Additionally, utilizing visual feedback poses more cognitive workload as graphical user interface become more complex [31]. It is found that increasing the dimensionality from 2D to 3D in visual interfaces decreases the ability for participants to locate, interact and manipulate objects. To address this problem, the implementation of another feedback mode is necessary to reduce the amount of cognitive workload and ensure effective communication.

This study also investigates the effects of cognitive loading on users’ judgement and the ability of users to recognize an encoded message when they are engaged in another demanding task. The results of the study on workload can specifically be used on communication. In other words, the type of sensory modality used to communicate can, depending on the context, be chosen to effectively convey a message. For instance, a pilot crew is frequently engaged with multiple communications at a time; they communicate with a pilot, in a multi-crew setting, and they communicate with Air Traffic Control (ATC) using an auditory channel. Therefore, a haptic turn-taking protocol, similar to the turn-taking protocol defined in [30], can be used for pilots to relinquish control of the airplane and to acknowledge control of the airplane.

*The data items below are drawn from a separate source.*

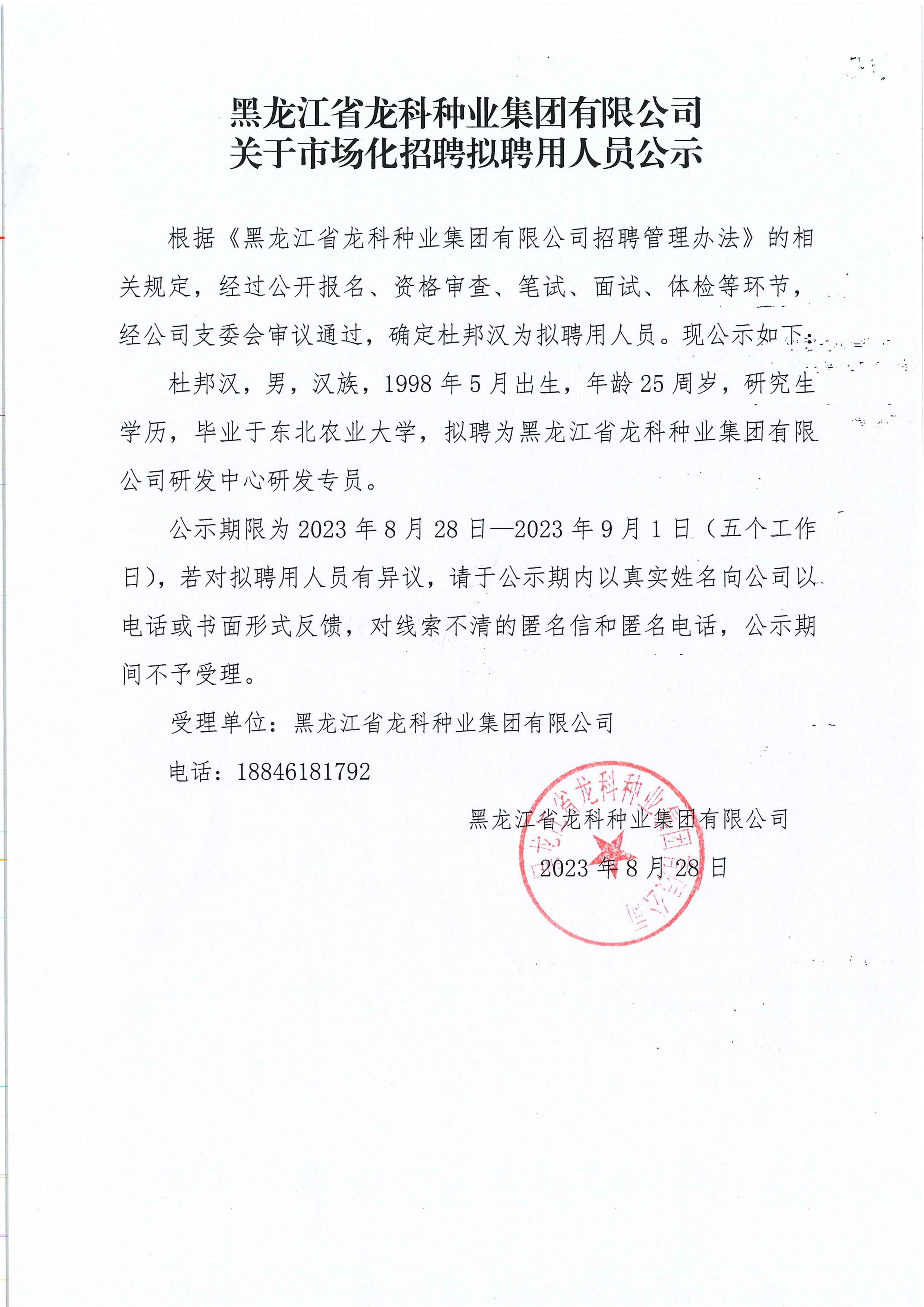 黑龍江省龍科種業(yè)集團(tuán)有限公司關(guān)于市場(chǎng)化招聘擬聘用人員公示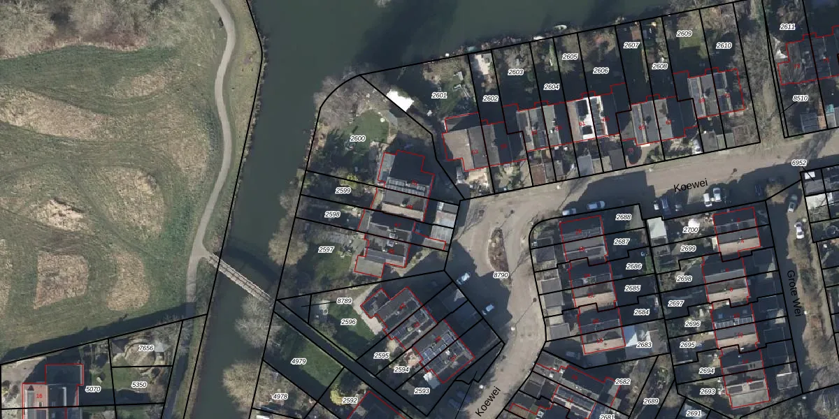Het perceel waarop Koewei 49 staat heeft een oppervlakte van 216 m². Dit is een middelgroot perceel. De perceeloppervlakte wordt geregistreerd door het Kadaster. Gedetailleerde informatie over de maten van dit perceel kunt u vinden in het rapport Kadastrale kaart met maatvoering van Koewei 49.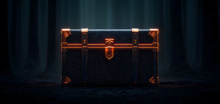 A striking treasure chest featuring ornate golden accents rests amid dim shadows, evoking mystery and intrigue. The chest's design captivates the viewer's attention.

6 Conclusion and Future Work

The information age has inundated communities with information. Thus, humans have to make more decisions very rapidly. Many tools, such as notepads, personal digital assistance (PDAs), and cellphones, have been invented to improve the brain or off-load some of its resources to external functions. Despite the fact that the human brain capacity can store much information, humans have retrieval limitations. Consequently, in highly-demanding safety-critical tasks, a proper feedback and communication model should be implemented to increase human performance and decreased the perceived workload. Our goal in this study is to find the ultimate feedback and communication model. The results of this study supports the hypothesis that there exists combined sensory modalities that has a higher response time and higher accuracy. However, there were some drawbacks in this experiment. The experiment only investigated 2D environments, the second level of collaboration, and a limited range of codes. In the next stage, the environment will be modified to include higher dimensions, higher levels of collaboration and an extended range of code. The future system will provide more information about the differences on different feedback and communication modes.